What is expected => Reproduce the lines of the material exactly, excluding every image.

Material provided =>
..........

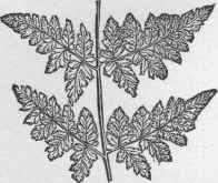 called dentate. The edge of a leaf may be ciliated, or fringed with delicate hairs like eye lashes, or irregularly waved and sinuate, like the leaves of the common oak. The leaves of the dandelion are like none of these, but the large teeth are directed backward, not unlike the teeth of a pit-saw, whence they are termed run cinate (Fig. 22). Usually, if the serratures of
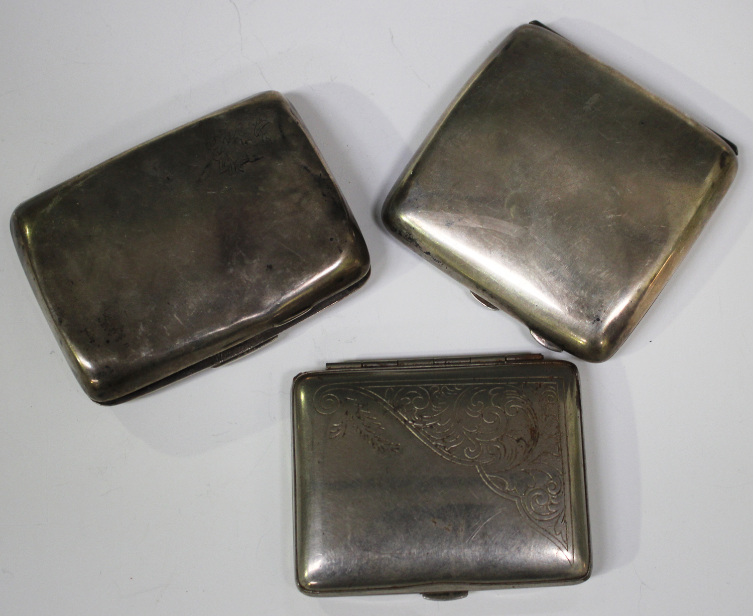 A George V silver curved square cigarette case, Chester 1910 by James Deakin & Sons, length 8cm, a silver rectangular cigarette case, Birmingham 1896 by Deakin & Francis Ltd, and a plated cigarette case.
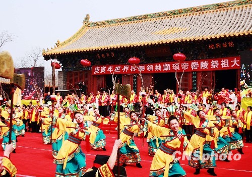 河南内黄,公祭大典正在进行歌舞告祭。中新社发 王中举 摄

..........

Output of the task =>
 called dentate. The edge of a leaf may be ciliated, or fringed with delicate hairs like eye lashes, or irregularly waved and sinuate, like the leaves of the common oak. The leaves of the dandelion are like none of these, but the large teeth are directed backward, not unlike the teeth of a pit-saw, whence they are termed run cinate (Fig. 22). Usually, if the serratures of
 A George V silver curved square cigarette case, Chester 1910 by James Deakin & Sons, length 8cm, a silver rectangular cigarette case, Birmingham 1896 by Deakin & Francis Ltd, and a plated cigarette case.
 河南内黄,公祭大典正在进行歌舞告祭。中新社发 王中举 摄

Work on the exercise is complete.